Scacco matto con pasticca Il fatto quotidiano 29 luglio 2013
Venerdì sera appuntamento fisso. Il
circolo degli scacchi era il ritrovo
degli amanti del gioco di ingegno e pensiero.
Avanzava come un computer senza
ostacoli, di successo in successo, Paolo
bruciava avversari scalzandoli con un
dito, scacco matto senza problemi. Di
mestiere avvocato, apprezzato, buon giro
di clienti, lo studio in un comune
dell’hinterland milanese. Le pratiche, la
segretaria, i ricorsi, ma a occupare le sue
giornate c’era soprattutto il tavolo da
gioco. Lì era il migliore, non c’era storia,
e quando arrivavano da fuori paese, gli
avversari si sedevano, cavalli, re e pedoni
cadevano come birilli.
PAOLO ERA IL CAMPIONE. Di provincia
ma campione. “Durante la giornata
di lavoro iniziai a studiare tecniche particolari,
specialmente aperture di partita,
strategie, volevo migliorarmi. Era il
mondo parallelo, oscuro, ma speciale”.
Difficile riuscire a gestire entrambe le
attività con la stessa attenzione. La passione
degli scacchi iniziò a diventare
predominante, fino a quando lesse di
uno scacchista risultato positivo al controllo
antidoping.
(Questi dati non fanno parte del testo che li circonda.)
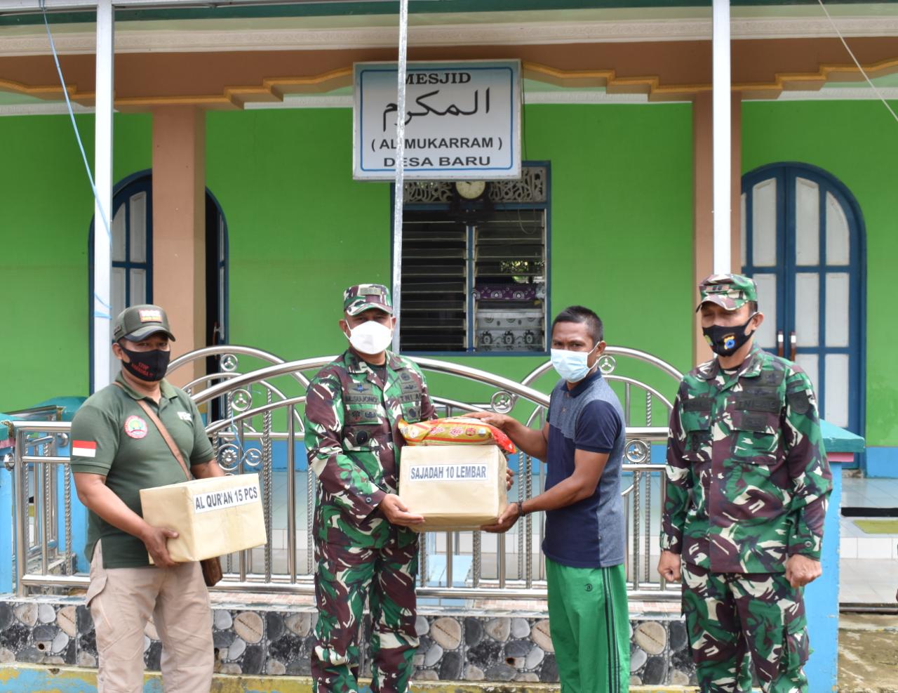 Dilokasi musibah banjir Kasrem 101/Ant menyalurkan bantuan Al Qur’an di Masjid Al Mukarram dan Beras kepada warga masyarakat korban musibah banjir.

Per lui si aprì un mondo,
quello dei dopati da sedia e tavolo da
gioco.
Aveva un assistito che aveva fatto abuso
di droga e divenne il suo confidente. Iniziò
con il Ritalin, un medicinale in voga
negli Stati Uniti, usato sui bambini iperattivi,
comprato su internet. Giusto così
per cominciare, ma fu un inizio da
dimenticare. Non sortiva l’effetto sperato.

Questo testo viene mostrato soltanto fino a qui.